This was 20+ years ago, so the "sophisticated" baseline wasn't ML or AI.
I was looking into an initial implementation and use of order files for a major platform. Quick recap: C (and similar languages) define that every function must have a unique address, but place no constraints on the relative order of those addresses. Choosing the order in which functions appear in memory can have significant performance impact. For example, suppose that you access 1,000 functions over a run of a program, each of which is 100 bytes in size. If each of those functions is mixed in with the 100,000 functions you don't call, you touch (and have to read from disk) 1000 pages; if they're all directly adjacent, you touch 25 pages. (This is a superficial description -- the thousand "but can't you" and "but also"s in your mind right now are very much the point.)
I went into this with moderately high confidence that runtime analysis was going to be the "best" answer, but figured I'd start by seeing how much of an improvement static analysis could give -- this would provide a lower bound for the possible improvement to motivate more investment in the project, and would give immediate improvements as well.

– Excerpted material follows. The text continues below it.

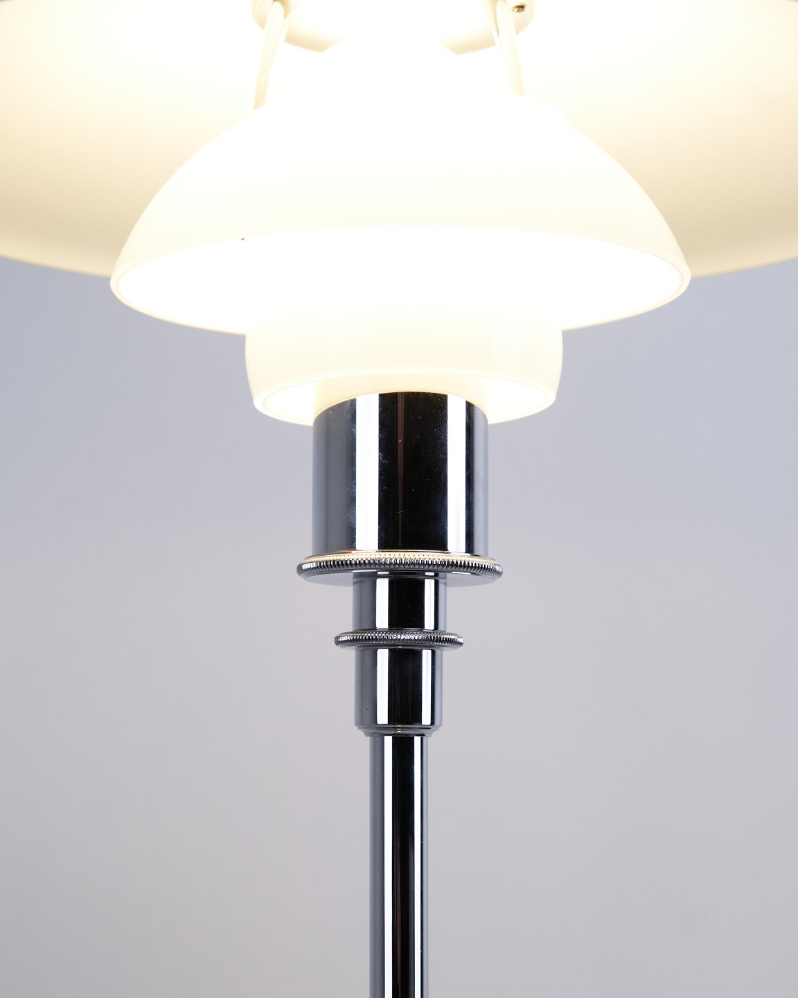 PH 3½-2½ floor lamp in chrome with opal glass from Louis Poulsen. Designed by Poul Henningsen with classic Danish lighting design and an elegant expression.

So, what are all the ways you can use static analysis of a (large!) C code base to figure out order? Well, if you can generate a call graph, you can do depth first or breadth first, both of which have theoretical arguments for them -- or you can factor in the function call size, page size, page read lookahead size, etc, and do a mixture based on chunking to those sizes... and then you can do something like an annealing pass since a 4097 byte sequence is awful and you're better off swapping something out for a slightly-less-optimal-but-single-page sequence, etc.
And to test the tool chain, you might as well do a trivial one. How about we just alphabetize the symbols?
Guess which static approach performed best? Alphabetization, by a large margin. This was entirely due to the fact that (a) the platform in question used symbol name prefixes as namespaces; (b) callers that used part of a namespace tended to use significant chunks of it; and (c) call graph generation across multiple libraries wasn't accurate so some of these patterns from the namespaces weren't visible to other approaches.
The results were amazingly good. I felt amazingly silly.
(Runtime analysis did indeed exceed this performance, significantly.)